Cuckney close behind me passed over. I saw a bomb burst on the starboard side right in front of the conning-tower. Her decks were now awash. An explosion occurred in her bow and several smaller explosions between the stem and the conning-tower.
By this time I was again in position, and Dickey dropped a second bomb. The bomb detonated about thirty feet away from her. Only the very top of her conning-tower was showing. And then she vanished.
The little fountain had been fatal.
Later on in the same day, in the vicinity where the submarine had been met, Gordon and Faux in one boat, and Hallinan and Hodson in another, were surprised from the rear by four enemy seaplanes. The Huns failed to get home with the first attack and sheered off, and as they proved faster than the boats they could not be brought to action.

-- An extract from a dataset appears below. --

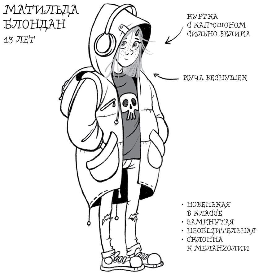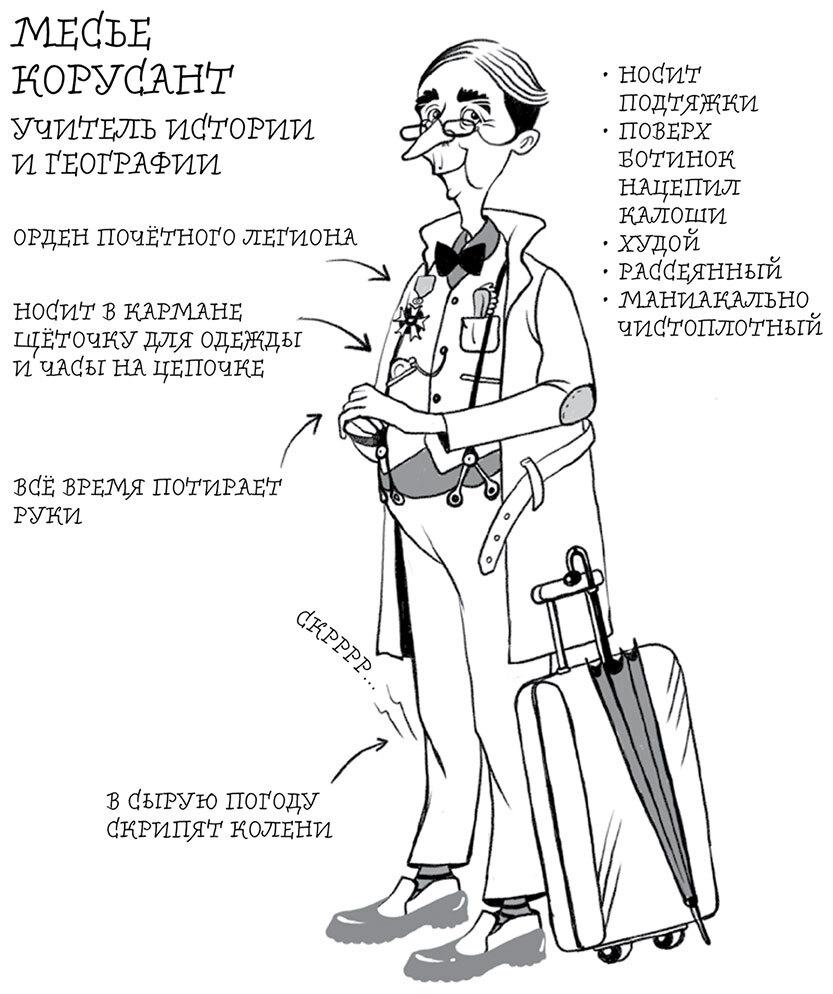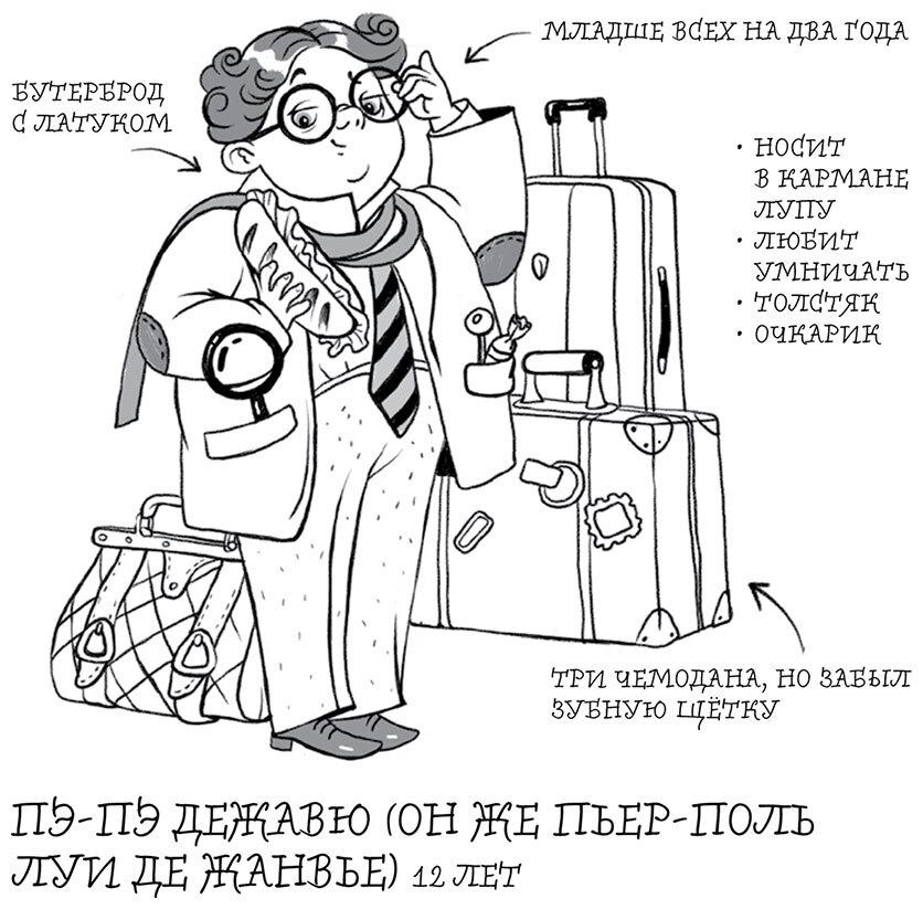 Но лучше я расскажу всё по порядку. Сегодня, 18 февраля, в 12:15 наш поезд выехал с Лионского вокзала, и мы покинули Париж. Мы – это Пьер-Поль де Жанвье, он же Пэ-Пэ Дежавю, на два года младше нас, но всё равно лучший ученик в классе[2], с тремя дорожными сумками, но без зубной щётки. Матильда Блондан, она же Матильда Блондан, в нашей школе новенькая, замкнутая и необщительная, поэтому никто пока не придумал ей прозвища, несмотря на веснушки и куртку с капюшоном, которая ей сильно велика. Ну и, наконец, месье Корусант, наш учитель истории и географии: он носит часы на цепочке, волосы всегда аккуратно расчёсаны, на пиджаке нагрудный кармашек, а в сырую погоду у него скрипят колени.

About this time, on an absolutely clear day, with no wind, and in a boat with a well-tested compass, conditions under which navigation should be certain and easy, I was extremely surprised and annoyed to arrive over the position where I thought the North Hinder should be and not see her.
I buzzed round in a circle, saw that my compass card was apparently all right, took a look at my notes of navigation, compared my watch with the watches of the crew, and then felt quite helpless.
On straightening up the machine, and deciding to carry on the patrol, I saw a black speck on the water about fourteen miles away. Through the binoculars I thought it looked like the North Hinder, but it appeared more bulky than usual and smoke seemed to be coming from it.
Deciding that I had made some silly error in time or course I started off for the light-ship, and found when I got near it that two tugs were lugging it along at about six knots towards the Dutch coast. It was being taken in to be repainted and overhauled. The following day a new North Hinder, with the paint of the name very white and the red sides unstained by rust, was lying at the moorings on the shoal. The new vessel could be told from the old one by a small black ball on the mast above the lantern, a decoration which the original light-vessel did not possess.
On the morning of September 13th the Commander of a Harwich submarine was coming in from a four days' surface patrol outside the mine-fields in the Bight of Heligoland. He was one of the little lot of submarines who kept the continuous watch, day and night, for the coming out of the German High Sea Fleet. But he had been relieved, and had come down homeward bound past Terschelling, across the Brown Ridge, and when near the North Hinder, finding he was a bit early, he went to the bottom to rest.
He had been down but a short time when he heard through the E-boat's ears, which are hydrophones, the propeller noises of another submarine. It was on the surface and passed directly over him.